Hey, what's up, it's me, Beelzebub...but you can just call me Satan. Look, I was just minding my own business, having my favorite late night snack of human suffering at the E.R. at 3 am, when I came upon this poster for the movie Left Behind . I have no idea what this movie is, but I looked it up: apparently, it's based on a series about the Biblical prophecy of the Rapture, in which all the good people get sucked up to heaven (by a vacuum tube? I don't know) and everyone else is, you guessed it...left behind.
Super, fine. Humans can do whatever, I usually get their souls in the end anyways. But this thing has my name on it. That's right, there's an actual endorsement: "Please do not bring unbelievers to this movie." I just want to clarify: I have nothing to do with this. I have no idea where they came up with that quote, but it wasn't from me. But either way, I'm going to go ahead and completely endorse this movie.
Why? Well, first of all, I'm a big fan of the cast. I feel like I've really had a big hand in Nicolas Cage's career, and he's done a lot of great work (I'm a huge fan of Vampire's Kiss).
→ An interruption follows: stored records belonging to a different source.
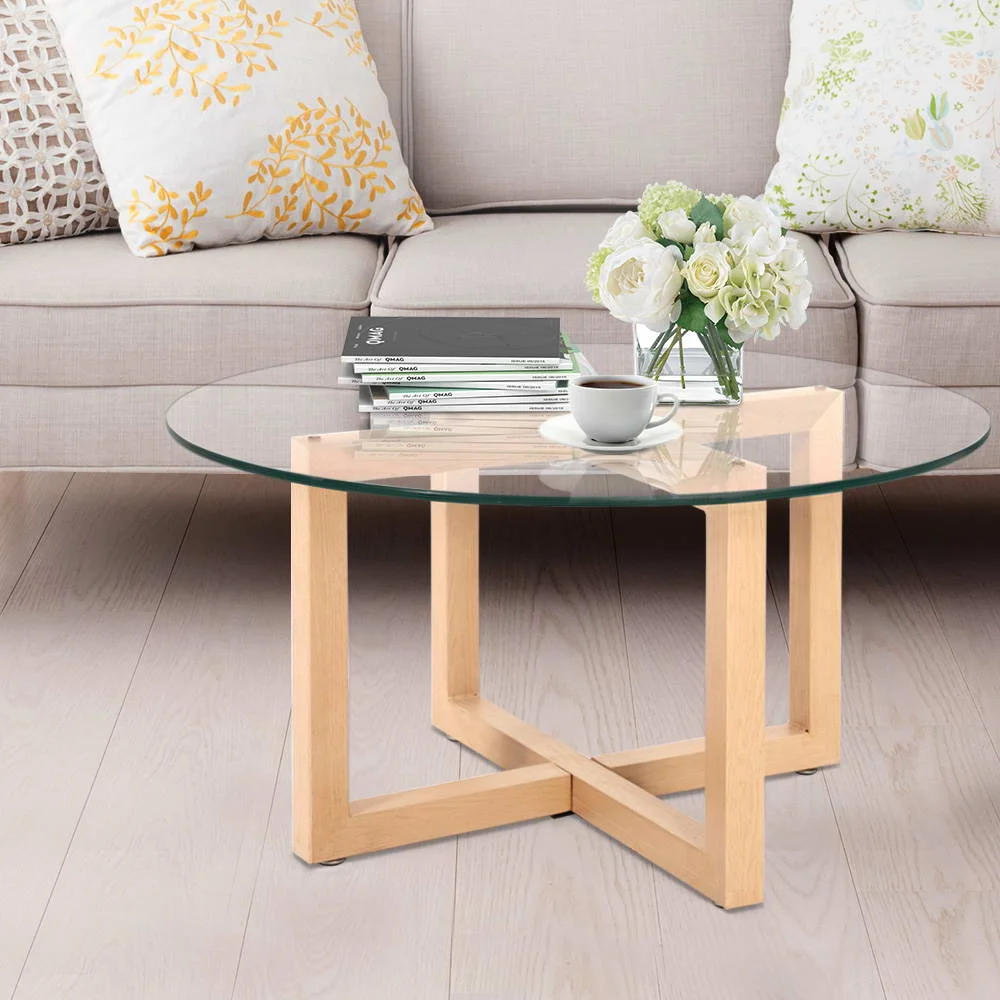 Artiss Tempered Glass Round Coffee Table - Beige
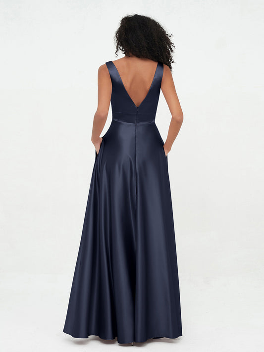 Babaroni SadeVestidos máximos de satén estilo princesa con escote en V y bolsillos Azul Marino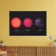 Artist's concept illustrating what brown dwarfs of different types might look like to a hypothetical interstellar traveller who has flown a spaceship to each one. On the left is an L dwarf, in the middle is a T dwarf, and on the right is a Y dwarf. The objects are progressively cooler in atmospheric temperatures as you move from left to right. The L dwarf is seen as a dim red orb to the eye. The T dwarf is even fainter and appears with a darker reddish, or magenta, hue. The Y dwarf is dimmer still. Because astronomers have not yet detected Y dwarfs at the visible wavelengths we see with our eyes, the choice of a purple hue is done mainly for artistic reasons. The Y dwarf is also illustrated as reflecting a faint amount of visible starlight from interstellar space. In this rendering, the traveller's spaceship is the same distance from each object. This illustrates an unusual property of brown dwarfs, that they all have the same dimensions, roughly the size of the planet Jupiter, regardless of their mass. This mass disparity can be as large as fifteen times or more when comparing an L to a Y dwarf, despite the fact that both objects have the same radius.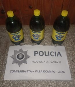 Fecha 17-04-2024 – personal de la Comisaria IV UR IX, se constituyo a paraje Villa Adela, domicilio del ciudadano de 41 años de edad, quien manifestó que dos femeninas causaron disturbios, robaron 5 botellas de Fernandito, otros elementos y se retiraron del lugar, actuantes lograron interceptarlas en Ruta Provincial 32 y Bv. Sarmiento, resultando ser dos mujeres de 22 y 27 años de edad, teniendo en su poder 3 (tres) botellas de “Fernandito” y (01) paquete de toallas femeninas cerrado, por lo que proceden a la APREHENSIÓN de las mismas y al secuestro de los elementos mencionados.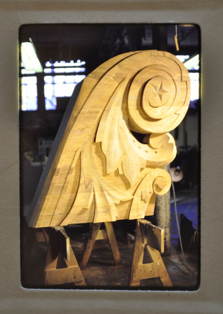 An interesting discovery in the 2015 restoration is that the 1930 trailboards, carved here in the Charlestown Navy Yard, were still decorating Constitution‘s cutwater! The relief-carved acanthus leaf motif that winds down the bow, terminating in a red, white, and blue shield, was cut from solid pieces of old-growth Douglas fir from the Northwest that measured over 5 inches in thickness. After serving their duty for 90 years on “Old Ironsides'” bow, the 1930 trailboards have been retired and will be replaced with newly created duplicate carvings.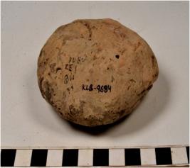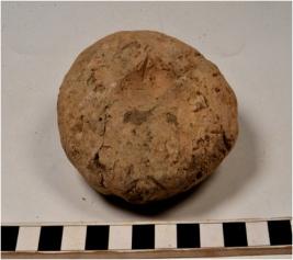 | Description / विवरण | A terracotta circular shaped cake having thumb impression on centre of rough surface. |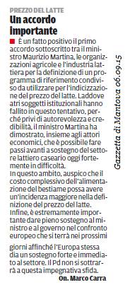 In una Lettera al Direttore pubblicata sulla Gazzetta di Mantova, quotidiano più antico d’Italia, l’On. Marco Carra, componente della Commissione Agricoltura della Camera dei Deputati, ha accolto la nostra proposta tanto da dichiarare “… auspico che il costo complessivo dell’alimentazione del bestiame possa avere un’incidenza maggiore nella definizione del prezzo del latte …”.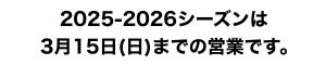 | 営業期間 | 2025シーズン令和7年12月20日(土)~令和8年3月22日(日)※積雪状況により延長又は短縮の場合があります。 |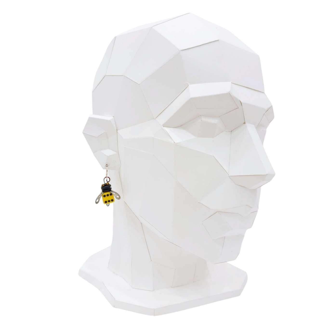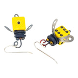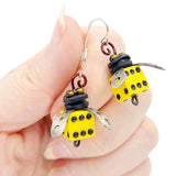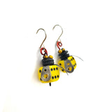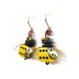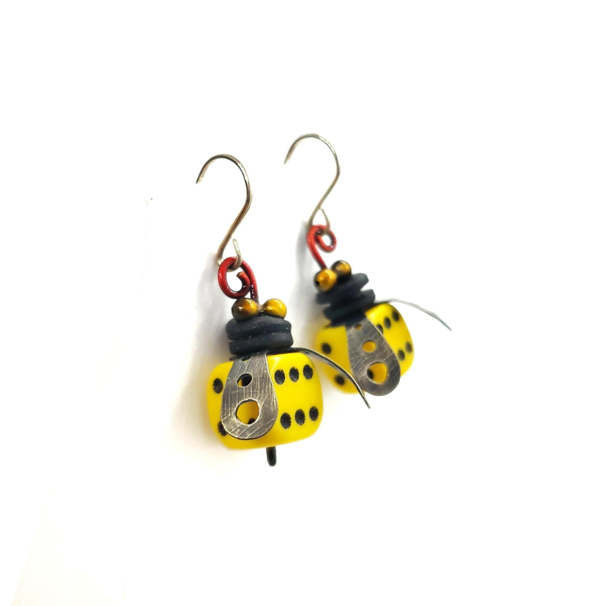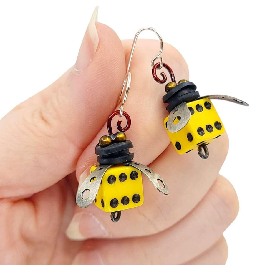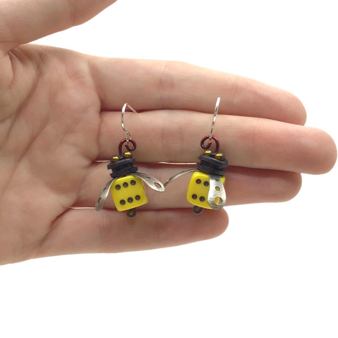 Bright yellow plastic mini dice form the body of these funky bees with a rubber head, brass wings and eyes, and a tiny brass stinger all on sterling silver ear wires. Chickenscratch creates pieces with whimsy, movement, and a funky edge that will set you apart from the crowd!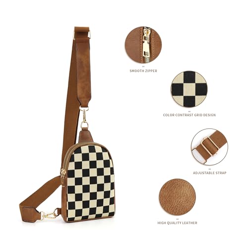 Sling Bag Crossbody Bags For Women Plaid Striped Fanny Packs Chest Bag for Work Shopping 4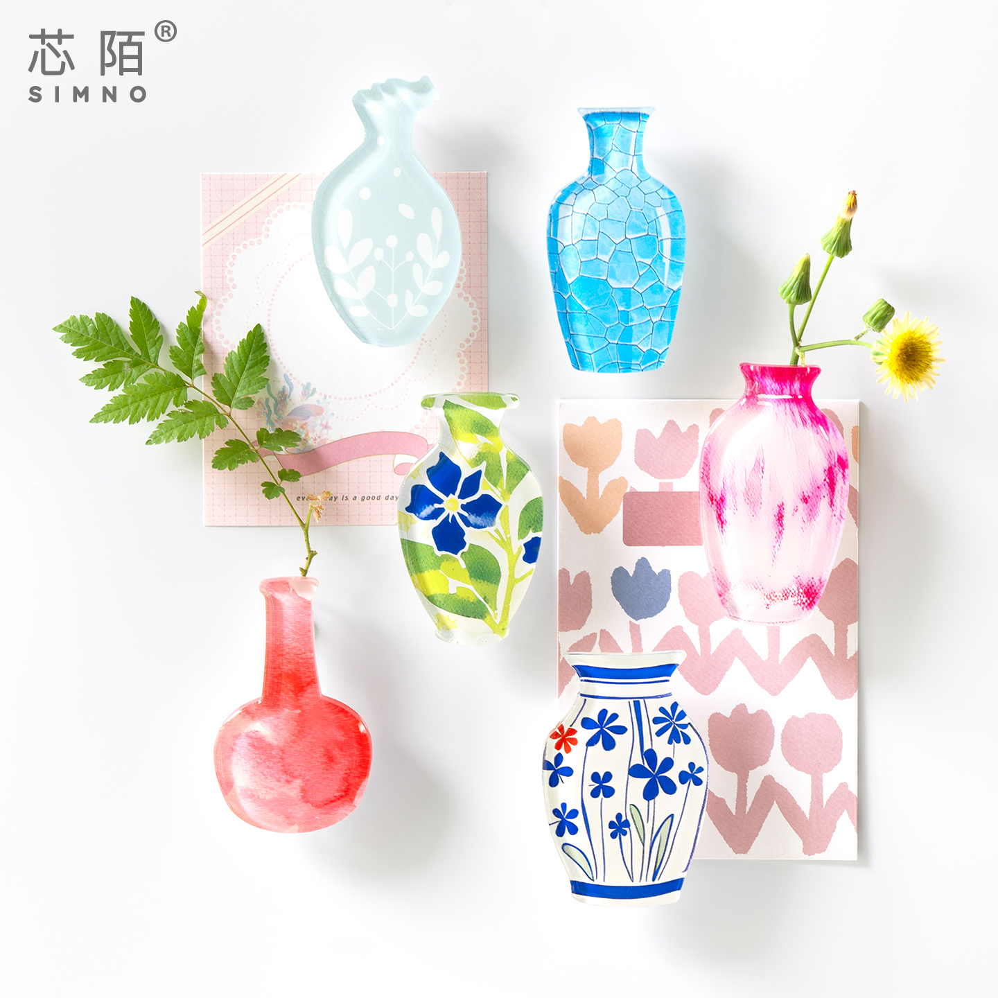 芯陌创意磁吸冰箱贴花瓶个性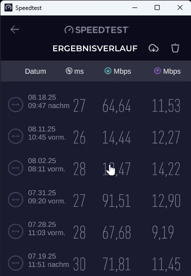 Magst du einmal bitte berichten, wie es aktuell mit deiner Bandbreite aussieht? Hat sich da etwas verbessert?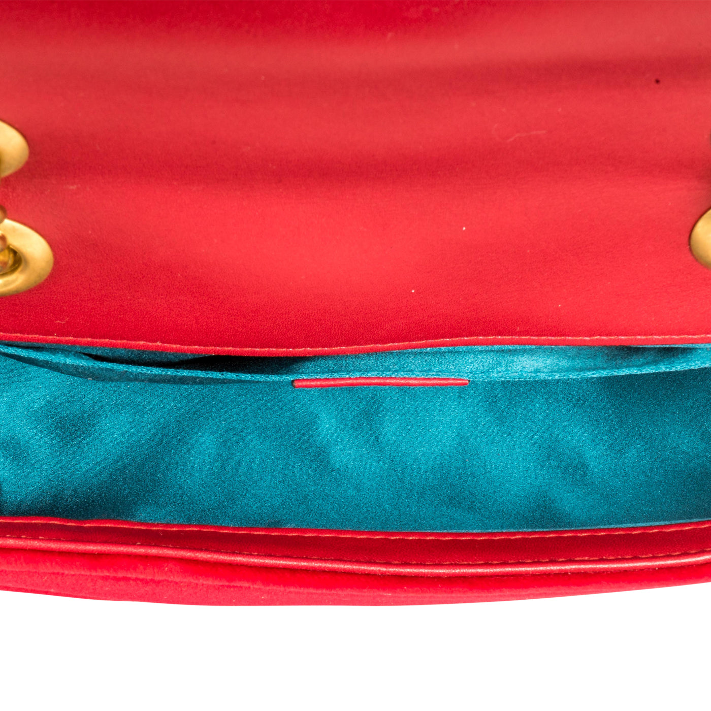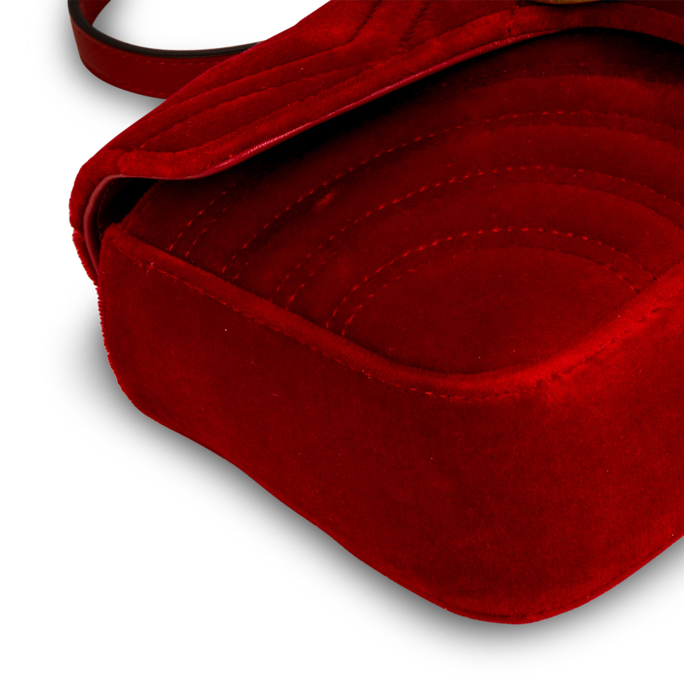 Gucci presents its highly-acclaimed GG Marmont Velvet in lustrous Red Mini. Crafted from the fashion house�s quintessential chevron velvet and embroidery, this handbag also features an endearing heart stitching on its rear.� The GG Marmont is also accented with antique gold hardware, giving the handbag an irrevocable air of sophistication. The bag�s oversized flap opens up to showcase a magnificent azure satin lining, presented in a single storage compartment. Ideally worn in the evening, the GG Marmont Mini is perfect for styling with any and every evening outfit you can conjure.��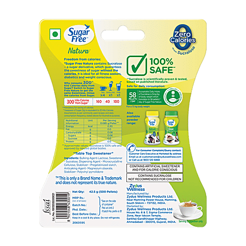 This Natura Sweetener - Zero Calories is made using Sucralose which is a derivative of Sugar. Sucralose tastes like Sugar but doesn't contain the same number of calories. Thus, it allows you to enjoy the sweet flavour of sugar without having to worry about gaining excess calories.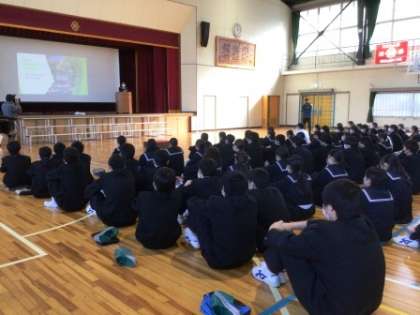 12月23日(金)は、冬休みを前に、学年集会を行い、これまでの表彰の披露や、学年リーダー会の企画、生徒代表や担当教師の話などがありました。3年生は以前の海外派遣事業にかわる「豊田を知り、世界を知ろう!国際理解推進セミナー」に参加した生徒の英語による活動紹介がありました。
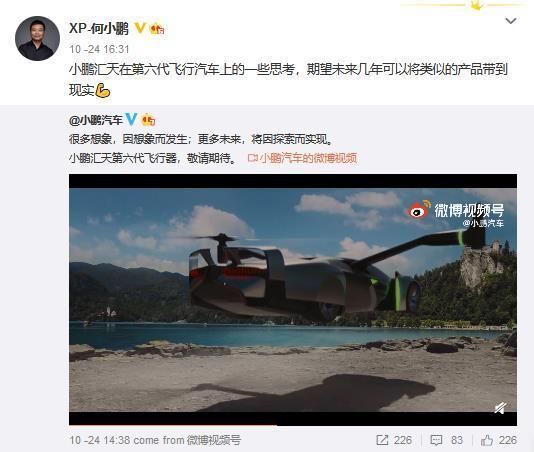 10月24日,小鹏汇天第六代飞行器概念视频发布,小鹏汽车创始人何小鹏对此表示:“期望未来几年可以将类似的产品带到现实”。另据报道称,小鹏汽车计划2024年实现第六代飞行汽车量产,销售价格在100万元人民币以内。

And I'm just a fan of Chad Michael Murray as a person — cheating on your wife with a senior in high school? I just feel like I've been very influential in Murray's life, although I don't like to take too much credit.
As for the nonbelievers, they can go ahead and do as they please. After all, this isn't the first "end of times" picture Cloud Ten Pictures has released. In fact, they've been releasing more or less the same kind of film since 1997, but I have yet to see any huge results. Hell, I may be in the audience myself — after all, I do love a good disaster movie.
So while I can't claim the comments on Left Behind, please keep a lookout for my glowing review of Adam Sandler's next movie...trust me, it's a masterpiece.